Exercise: Return the data below exactly as given, except for the images.

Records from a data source
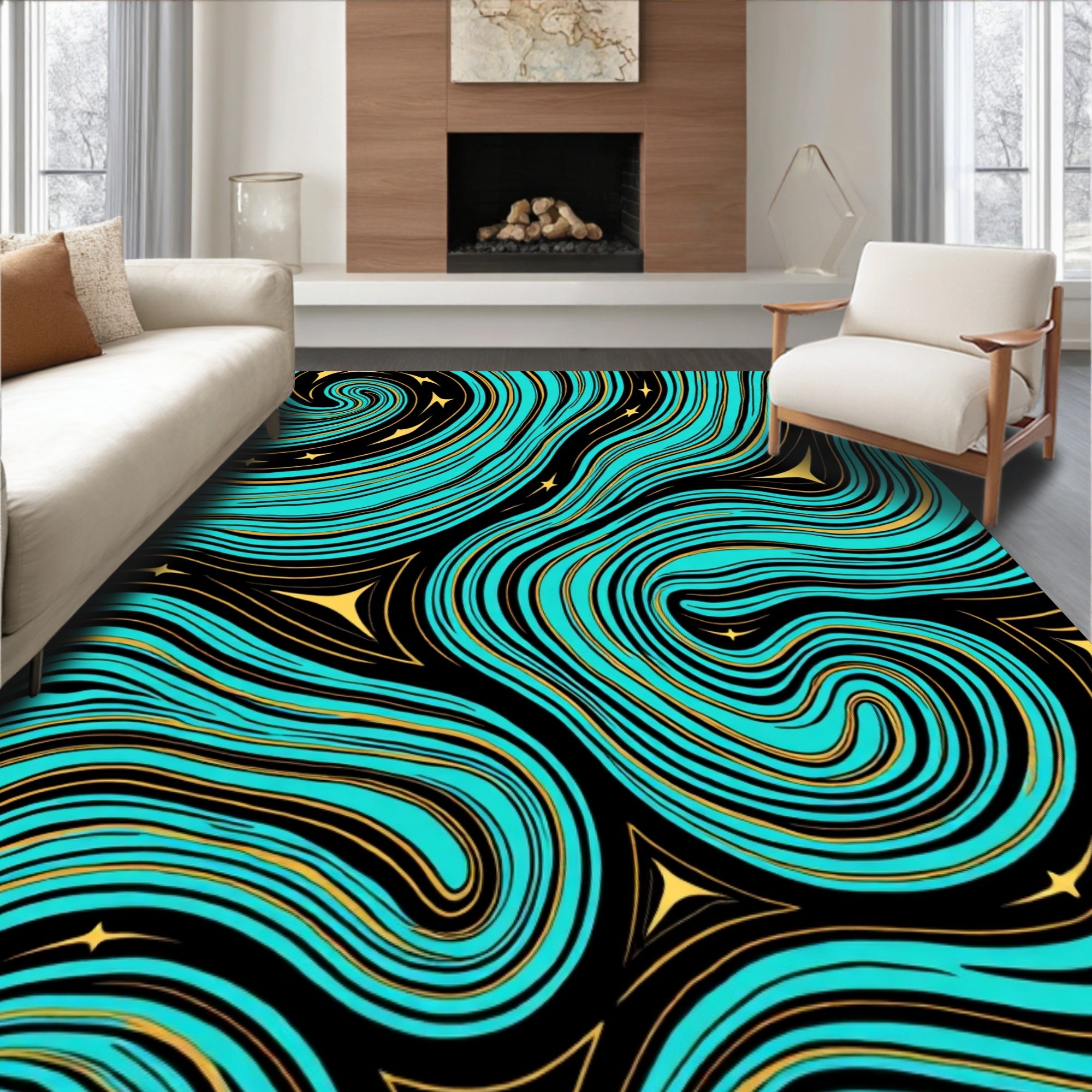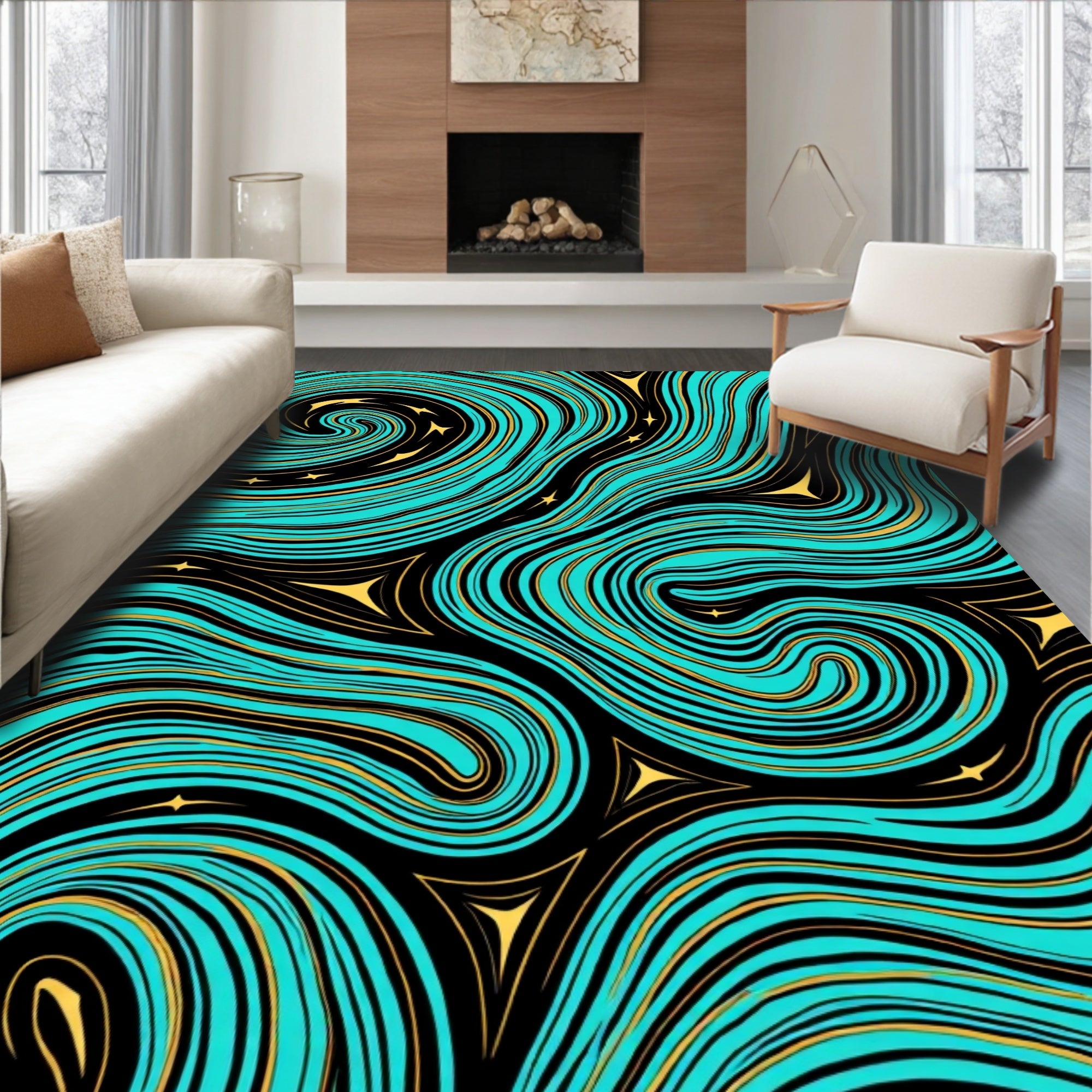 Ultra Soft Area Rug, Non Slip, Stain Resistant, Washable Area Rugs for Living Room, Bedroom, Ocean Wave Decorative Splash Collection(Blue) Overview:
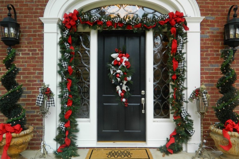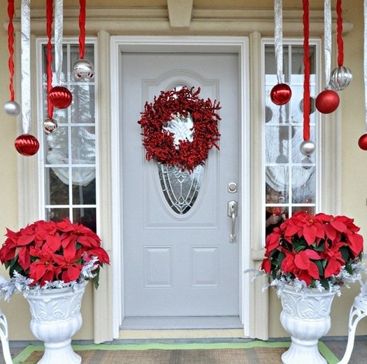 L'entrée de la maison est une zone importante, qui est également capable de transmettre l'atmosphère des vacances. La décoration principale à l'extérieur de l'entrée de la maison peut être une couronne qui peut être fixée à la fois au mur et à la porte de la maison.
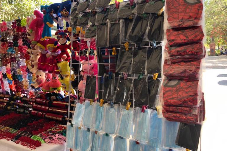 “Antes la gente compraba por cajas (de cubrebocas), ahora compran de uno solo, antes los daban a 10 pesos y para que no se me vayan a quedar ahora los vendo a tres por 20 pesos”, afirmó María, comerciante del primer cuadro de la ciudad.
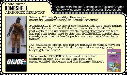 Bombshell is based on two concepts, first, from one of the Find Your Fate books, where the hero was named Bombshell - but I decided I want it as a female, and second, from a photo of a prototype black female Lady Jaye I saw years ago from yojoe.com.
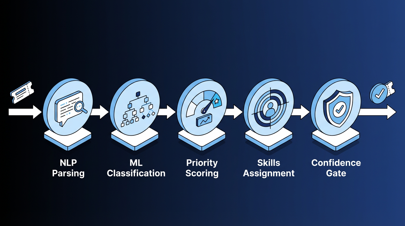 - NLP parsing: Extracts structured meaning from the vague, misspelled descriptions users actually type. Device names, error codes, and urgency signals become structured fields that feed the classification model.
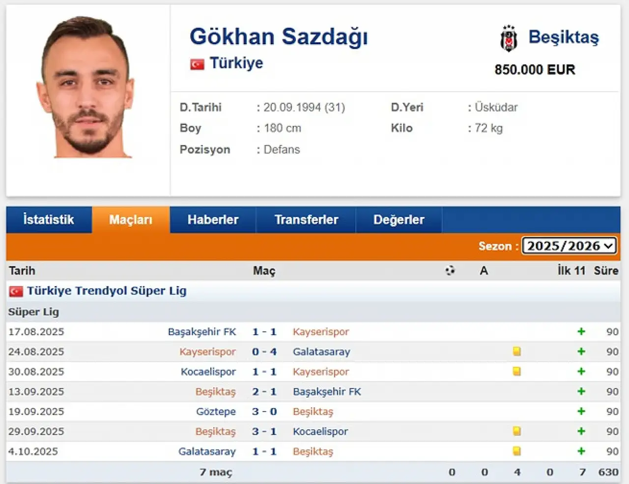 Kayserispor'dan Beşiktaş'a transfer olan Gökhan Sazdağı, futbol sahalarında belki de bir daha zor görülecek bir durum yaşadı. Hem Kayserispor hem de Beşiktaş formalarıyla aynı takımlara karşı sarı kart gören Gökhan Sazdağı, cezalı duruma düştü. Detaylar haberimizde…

Your solution:
 Ultra Soft Area Rug, Non Slip, Stain Resistant, Washable Area Rugs for Living Room, Bedroom, Ocean Wave Decorative Splash Collection(Blue) Overview:
 L'entrée de la maison est une zone importante, qui est également capable de transmettre l'atmosphère des vacances. La décoration principale à l'extérieur de l'entrée de la maison peut être une couronne qui peut être fixée à la fois au mur et à la porte de la maison.
 “Antes la gente compraba por cajas (de cubrebocas), ahora compran de uno solo, antes los daban a 10 pesos y para que no se me vayan a quedar ahora los vendo a tres por 20 pesos”, afirmó María, comerciante del primer cuadro de la ciudad.
 Bombshell is based on two concepts, first, from one of the Find Your Fate books, where the hero was named Bombshell - but I decided I want it as a female, and second, from a photo of a prototype black female Lady Jaye I saw years ago from yojoe.com.
 - NLP parsing: Extracts structured meaning from the vague, misspelled descriptions users actually type. Device names, error codes, and urgency signals become structured fields that feed the classification model.
 Kayserispor'dan Beşiktaş'a transfer olan Gökhan Sazdağı, futbol sahalarında belki de bir daha zor görülecek bir durum yaşadı. Hem Kayserispor hem de Beşiktaş formalarıyla aynı takımlara karşı sarı kart gören Gökhan Sazdağı, cezalı duruma düştü. Detaylar haberimizde…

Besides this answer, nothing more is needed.